The United Nations reports nearly half of all human trafficking is for sexual exploitation and that 71 percent of these victims are women or girls. Overall, there are an estimated 10 million children victimized by what has been estimated as a $20 billion-a-year industry, with the number of child victims increasing by a million each year.
David Kaplan and Alec Dubro, in their 2003 book on organized crime in Japan, also reported that between 700,000 and two million women and children are trafficked globally each year. And unlike drugs and guns, prostitutes can be sold again and again.
Siddharth Kara is the author of Sex Trafficking: Inside the Business of Modern Slavery and a fellow at Harvard University’s Carr Center Initiative to Stop Human Trafficking.
According to Kara: “When we consider that the weighted average acquisition cost of a trafficked sex slave is $1,900 and the weighted average annual profits generated through the commercial sexual exploitation of that slave is $29,210, it is clear that the return on investment is staggering.”
This is just the annual profit. According to Kara’s calculations in the United States, the average acquisition cost for a slave is $5,000 and “that same slave will generate profits exceeding $135,000 for the exploiter before she escapes, is freed, or perished.”

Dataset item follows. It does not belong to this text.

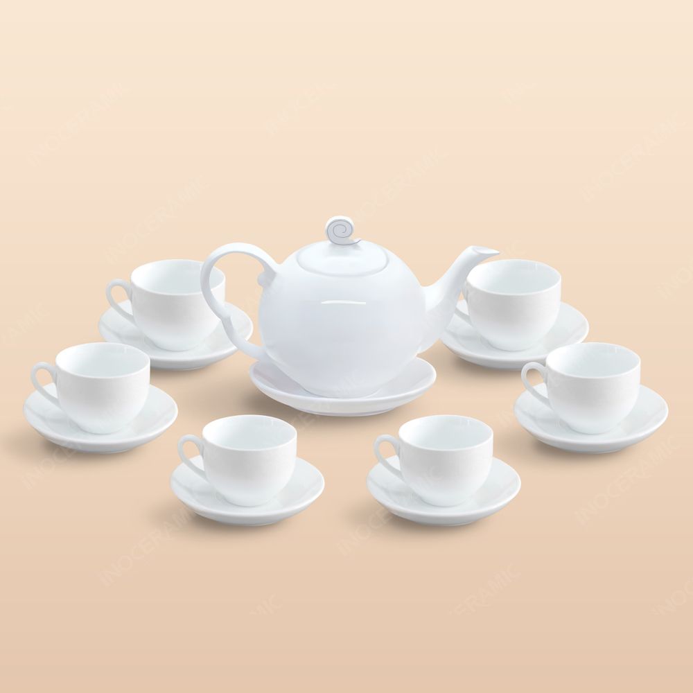 - Tên sản phẩm: Bộ trà xoắn ốc men trắng in logo

While the profits from global sex trafficking are immense, there is no real risk for those involved in this criminal trade. While many countries have enacted new laws against trafficking in recent years, the basic penalty for sex slavery in India, for example, is a $44 fine for owning a brothel. Neither Italy, Denmark or Thailand have fines for sex trafficking. Jail terms in many countries are short and often reduced if small fines are paid.
Where there are stiff penalties, there are also challenges to prosecution, such as poorly defined statutes, corruption, lack of international cooperation and inadequate law enforcement.
The risks are low, but the potential profits are immense.
Kaplan and Dubro agree, “Not only is the sex business profitable, but penalties are less severe than those for moving guns or drugs. “
Kara argues that “The U.S. government could lead by example, but at present, the U.S. spends approximately $20 per human trafficking victim per year—and just $2 per slave per year—to combat these crimes, and around 350 times this amount to fight drug trafficking.“
This is worth repeating, the U.S. government spends 350 times more on drug trafficking than on human trafficking.
Marijuana prohibition is a choice. So is neglecting the issue of sex trafficking.
Pot or sex, which trade is it more harmful to individuals and society? Why can’t we legalize marijuana and allocate the savings to fight the global sex trade and help its victims?